Predicting Titanic passenger survival using tidymodels
By Niels van der Velden in reticulate R Python Machine Learning
February 23, 2022
Titanic survival prediction using Tidymodels and the Tidyverse
In this notebook I use the
tidyverse package to predict passenger survival on the Titanic. I define some new features that were mostly based on the titanic-using-name-only
notebook from Chris Deotte. I then fit an xgboost
model on the data to predict survival and tune the model in Python using the optuna
package. The final model achieves a score of 0.811 which places it in the top 2%.
Required packages
#Load all libraries
#Load packages
library(tidyverse)
library(tidymodels)
library(xgboost)
library(reticulate)
Loading the data
I downloaded the test and train data from Kaggle. After loading of the data I added an extra “id” column such that the data can be easily separated again into “train” and “test” after the feature engineering.
train <- read.csv('train.csv')
test <- read.csv('test.csv')
#Replace empty strings "" with NA
test[test==""] <- NA
#Combind data
data_all = bind_rows(list("train" = train, "test" = test), .id = "id")
data_all[data_all==""] <- NA
glimpse(data_all)
## Rows: 1,309
## Columns: 13
## $ id <chr> "train", "train", "train", "train", "train", "train", "tra~
## $ PassengerId <int> 1, 2, 3, 4, 5, 6, 7, 8, 9, 10, 11, 12, 13, 14, 15, 16, 17,~
## $ Survived <int> 0, 1, 1, 1, 0, 0, 0, 0, 1, 1, 1, 1, 0, 0, 0, 1, 0, 1, 0, 1~
## $ Pclass <int> 3, 1, 3, 1, 3, 3, 1, 3, 3, 2, 3, 1, 3, 3, 3, 2, 3, 2, 3, 3~
## $ Name <chr> "Braund, Mr. Owen Harris", "Cumings, Mrs. John Bradley (Fl~
## $ Sex <chr> "male", "female", "female", "female", "male", "male", "mal~
## $ Age <dbl> 22, 38, 26, 35, 35, NA, 54, 2, 27, 14, 4, 58, 20, 39, 14, ~
## $ SibSp <int> 1, 1, 0, 1, 0, 0, 0, 3, 0, 1, 1, 0, 0, 1, 0, 0, 4, 0, 1, 0~
## $ Parch <int> 0, 0, 0, 0, 0, 0, 0, 1, 2, 0, 1, 0, 0, 5, 0, 0, 1, 0, 0, 0~
## $ Ticket <chr> "A/5 21171", "PC 17599", "STON/O2. 3101282", "113803", "37~
## $ Fare <dbl> 7.2500, 71.2833, 7.9250, 53.1000, 8.0500, 8.4583, 51.8625,~
## $ Cabin <chr> NA, "C85", NA, "C123", NA, NA, "E46", NA, NA, NA, "G6", "C~
## $ Embarked <chr> "S", "C", "S", "S", "S", "Q", "S", "S", "S", "C", "S", "S"~
Feature engineering
The following features are added:
- Title: The title is extracted from the Name of each passenger and classified into “Man”, “Female” or “Boy”.

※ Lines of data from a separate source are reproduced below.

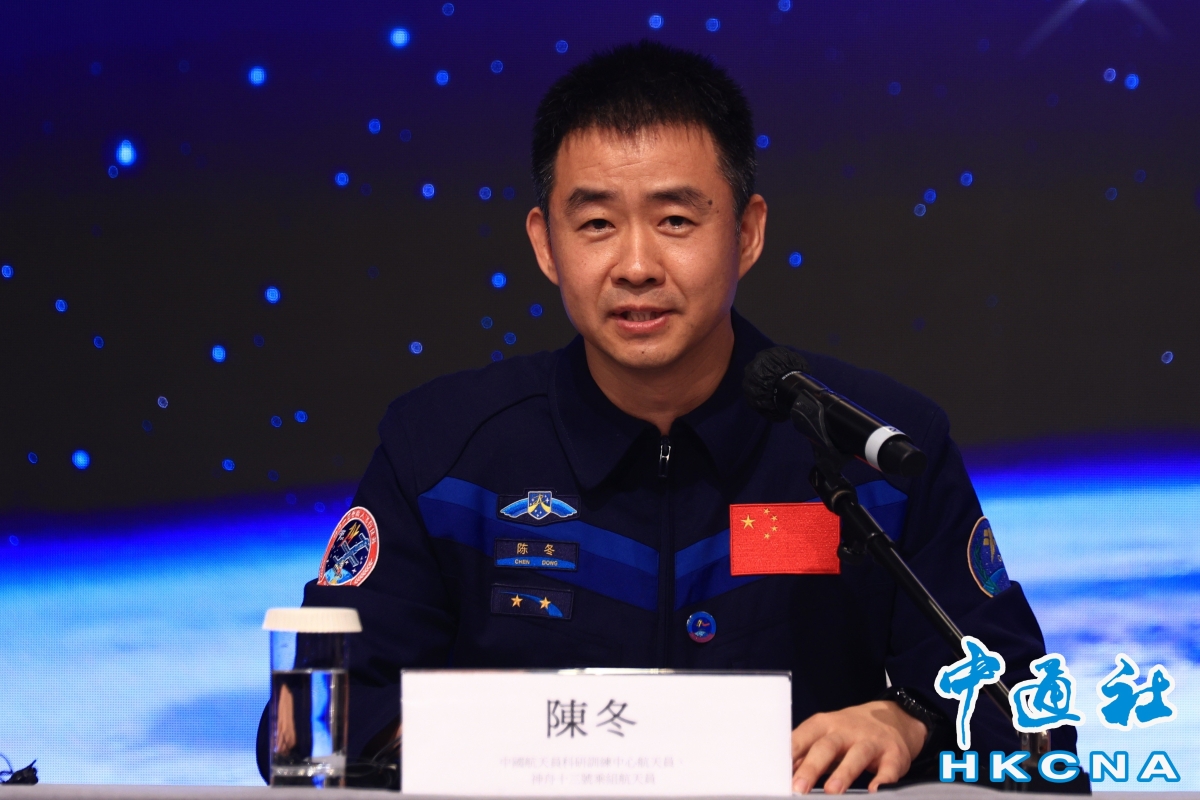4名航天員換上一身深藍色航天員秋冬常服,與其他成員一同亮相。(香港中通社記者 許其皓攝) 中國去年展開第四批預備航天員選拔工作,並首次在港澳地區選拔載荷專家。林西強指出,能明顯感到港澳在國家航天工程的參與範圍越來越廣,程度越來越深,展望未來,希望盡快看到港澳地區太空人進駐祖國的太空站,港澳科教界設計的應用載荷能在祖國太空站開展實驗,也期待港澳進一步發揮一國兩制制度優勢,用港澳所長為國家航天建設貢獻更大力量。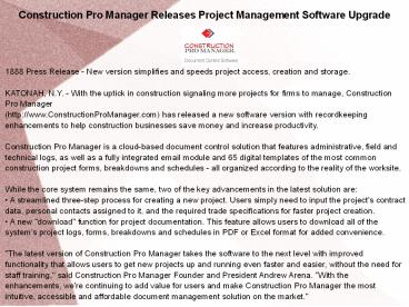Title: Construction Pro Manager Releases Project Management Software Upgrade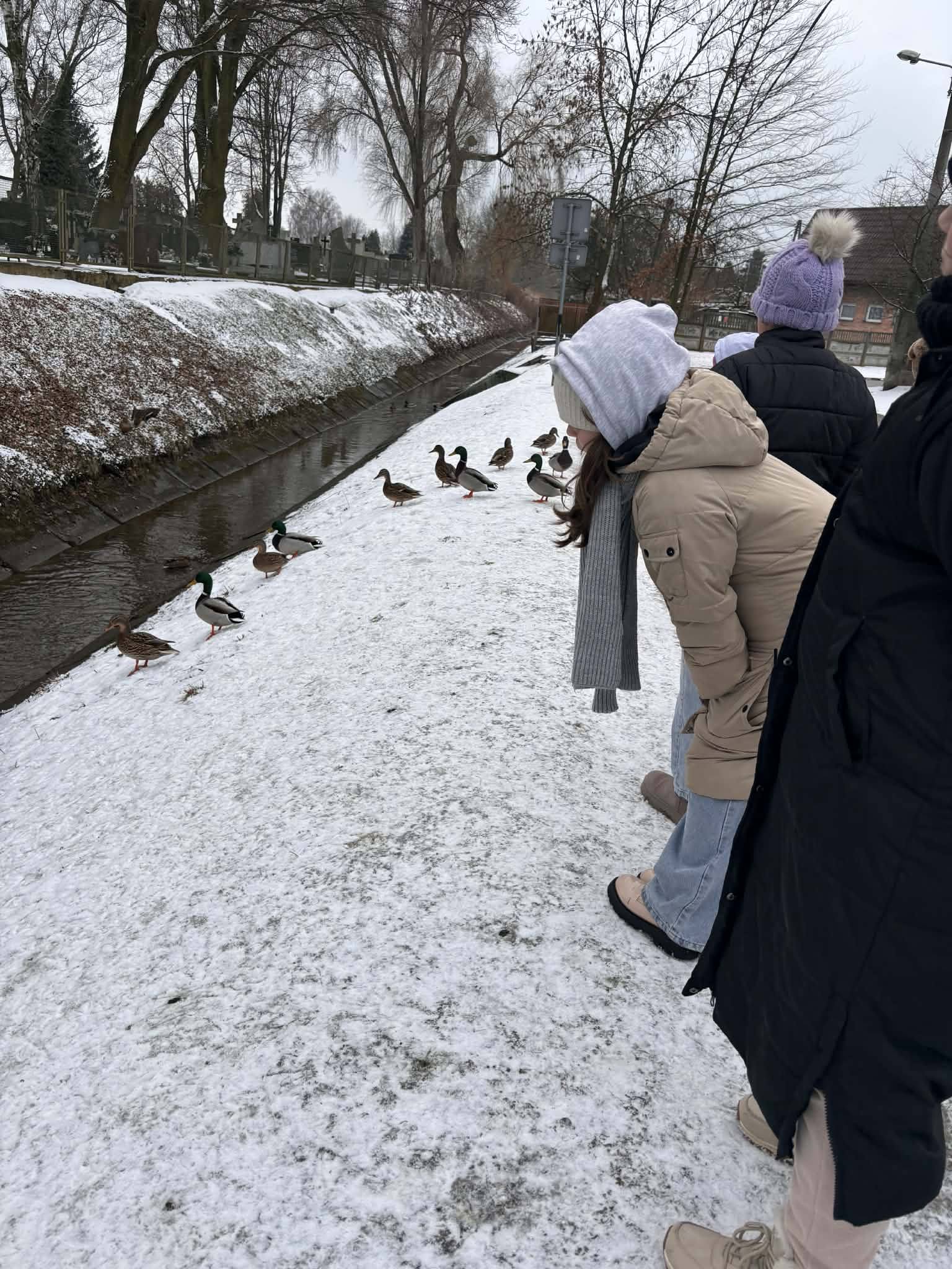 Ostatni tydzień stycznia poświęcony był tematyce przyrodniczej. Rozmawialiśmy o zimujących ptakach i sposobach udzielania im pomocy. Dzieci kolorowały wizerunki sikorek i gili, wykonywały z bibuły karmniki, a następnie – przy wsparciu nauczycieli – tworzyły drewniane karmniki. Zwieńczeniem tygodnia był spacer nad rzekę Pabiankę, podczas którego dzieci dokarmiały kaczki odpowiednimi produktami, wiedząc już, że chleb nie jest dla ptaków właściwym pokarmem.

- FamilySize: Siblings/Spouses (SibSp) + Parents/Children (Parch) + 1.
- GroupID: First 4 digits of the Ticket + FarePrice.
- GroupSize: Count of each groupID.
- TicketFreq: How often a Ticket occurs.
- manGroupes_survived/died: Man is part of group of man traveling together who all survived/died.
- femaleGroupes_survived/died: Female is part of group of females traveling together who all survived/died.
- boyFemaleGroupes_survived/died: Boy is part of a group of boys/females traveling together who all survived/died.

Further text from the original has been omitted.